> [Exercise details] In the entries below, find the line with "4. Vehicles equipped" and the line with "Состав: свинина, слива"; copy them and every line between them exactly, but not the pictures.

> [Excerpted data]
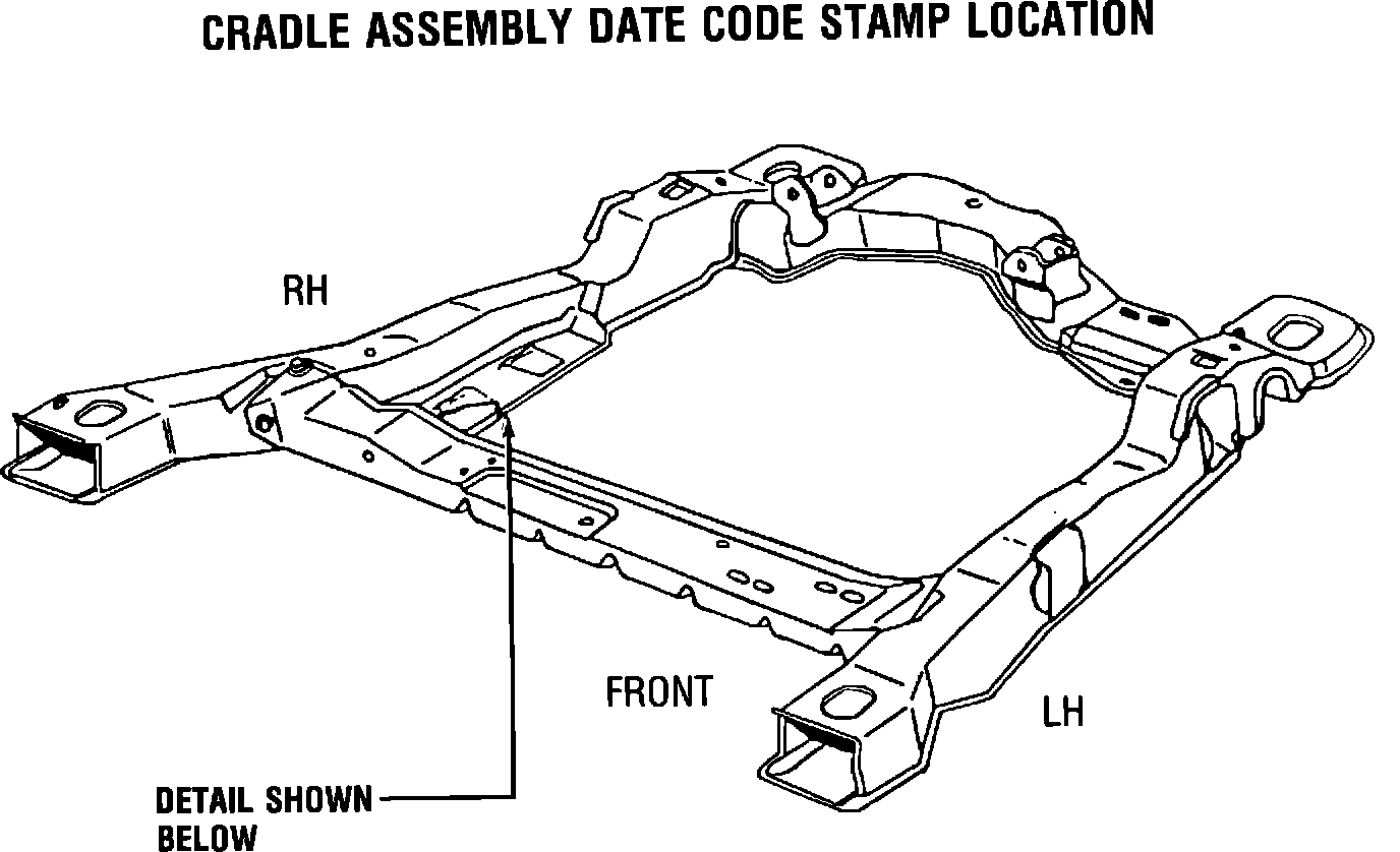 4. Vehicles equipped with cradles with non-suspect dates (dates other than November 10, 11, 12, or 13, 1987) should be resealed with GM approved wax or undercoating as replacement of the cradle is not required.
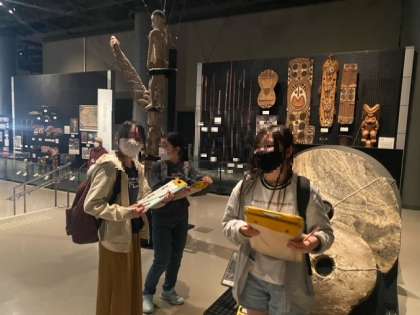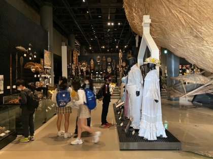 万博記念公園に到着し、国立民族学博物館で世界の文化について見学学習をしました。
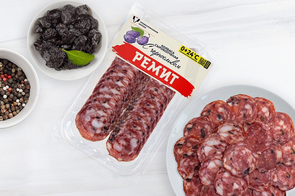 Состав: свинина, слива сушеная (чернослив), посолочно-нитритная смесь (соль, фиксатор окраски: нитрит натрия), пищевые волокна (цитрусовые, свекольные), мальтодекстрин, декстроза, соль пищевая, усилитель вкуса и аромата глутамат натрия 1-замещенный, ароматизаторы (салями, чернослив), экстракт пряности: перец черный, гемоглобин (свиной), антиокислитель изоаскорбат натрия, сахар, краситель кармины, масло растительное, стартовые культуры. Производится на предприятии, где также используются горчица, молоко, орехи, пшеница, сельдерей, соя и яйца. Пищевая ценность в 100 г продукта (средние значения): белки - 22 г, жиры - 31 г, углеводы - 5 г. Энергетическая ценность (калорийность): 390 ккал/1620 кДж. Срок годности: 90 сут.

==

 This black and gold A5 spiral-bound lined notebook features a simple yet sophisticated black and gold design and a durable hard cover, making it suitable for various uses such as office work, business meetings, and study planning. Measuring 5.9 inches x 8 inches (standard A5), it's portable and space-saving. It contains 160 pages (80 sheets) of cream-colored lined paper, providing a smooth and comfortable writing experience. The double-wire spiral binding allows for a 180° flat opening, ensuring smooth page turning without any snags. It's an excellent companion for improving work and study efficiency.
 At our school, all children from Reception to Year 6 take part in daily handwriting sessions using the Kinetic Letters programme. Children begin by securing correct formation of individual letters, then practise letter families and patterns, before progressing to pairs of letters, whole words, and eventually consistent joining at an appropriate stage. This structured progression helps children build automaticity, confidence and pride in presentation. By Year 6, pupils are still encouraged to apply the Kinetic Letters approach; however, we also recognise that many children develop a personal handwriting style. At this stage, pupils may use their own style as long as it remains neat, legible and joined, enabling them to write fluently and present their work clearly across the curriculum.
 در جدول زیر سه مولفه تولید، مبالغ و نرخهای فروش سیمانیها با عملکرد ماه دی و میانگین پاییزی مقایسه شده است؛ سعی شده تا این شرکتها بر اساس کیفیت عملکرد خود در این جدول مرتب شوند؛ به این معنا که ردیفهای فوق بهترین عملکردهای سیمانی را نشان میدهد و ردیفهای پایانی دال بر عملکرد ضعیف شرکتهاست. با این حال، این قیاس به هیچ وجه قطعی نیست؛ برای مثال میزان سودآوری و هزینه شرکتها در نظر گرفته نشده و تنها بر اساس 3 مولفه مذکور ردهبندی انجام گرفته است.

> [The answer]
 4. Vehicles equipped with cradles with non-suspect dates (dates other than November 10, 11, 12, or 13, 1987) should be resealed with GM approved wax or undercoating as replacement of the cradle is not required.
 万博記念公園に到着し、国立民族学博物館で世界の文化について見学学習をしました。
 Состав: свинина, слива сушеная (чернослив), посолочно-нитритная смесь (соль, фиксатор окраски: нитрит натрия), пищевые волокна (цитрусовые, свекольные), мальтодекстрин, декстроза, соль пищевая, усилитель вкуса и аромата глутамат натрия 1-замещенный, ароматизаторы (салями, чернослив), экстракт пряности: перец черный, гемоглобин (свиной), антиокислитель изоаскорбат натрия, сахар, краситель кармины, масло растительное, стартовые культуры. Производится на предприятии, где также используются горчица, молоко, орехи, пшеница, сельдерей, соя и яйца. Пищевая ценность в 100 г продукта (средние значения): белки - 22 г, жиры - 31 г, углеводы - 5 г. Энергетическая ценность (калорийность): 390 ккал/1620 кДж. Срок годности: 90 сут.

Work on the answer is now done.